Hangi lider ne söylüyor, neyi nasıl ifade ediyor? Bu yazı yazılırken seçimlere tam 14 gün var. İktidarın henüz açılış törenleri dışında –ki bu açılışların birer kamu hizmeti olduğunu akılda tutarak– henüz mitinglere, meydanlara yüklenmemiş olması geçmiş yıllardan farklılaşan önemli durumlardan birisi. Kaldı ki, kamu hizmetlerinin birer siyasal propaganda mecrasına dönüştürülmesi ne ilk ne de son olsa da bu denli yoğun kullanılması eşitsiz ve dolayısıyla haksız bir yöntem. Diğer seçimlerde de kamunun iktidar tarafından ölçüsüz biçimde araçsallaştırılmasına defalarca tanıklık ettik.

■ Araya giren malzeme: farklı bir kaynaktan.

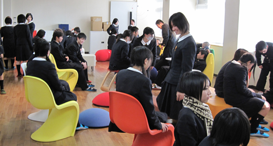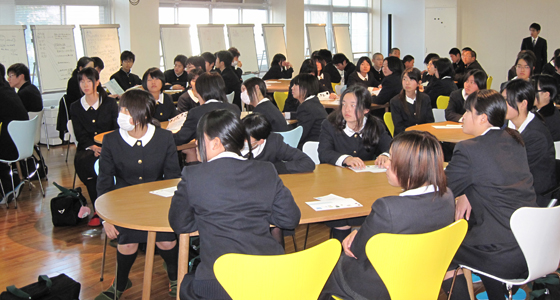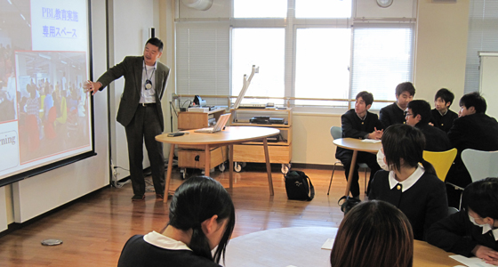 平成22年12月20日、福岡県立糸島高等学校から1年生66名の皆さんが来校しました。初めて目にする大学の講義室とは思えないプロジェクトラボラトリの雰囲気に女子生徒から思わず歓声が上がりました。また、こちらも初めて耳にするPBL教育プログラムの説明では、これから大学生に求められるコミュニケーション能力の必要性について全員熱心に耳を傾けていました。

Yine bu dönemde yaşadığımız başka ilkler var. Örneğin mitingler. Muhalefet iki güçlü belediye başkanını sahaya sürerek miting rekoru kırıyor. Neredeyse sahaya çıkılmayan il kalmayacak. İktidar cephesinde ise açılış törenlerinin dışında birkaç miting gördük, ki AKP’nin temel dinamiklerinden birisi sahadaki şahlanışı olmuştu bu seçime kadar.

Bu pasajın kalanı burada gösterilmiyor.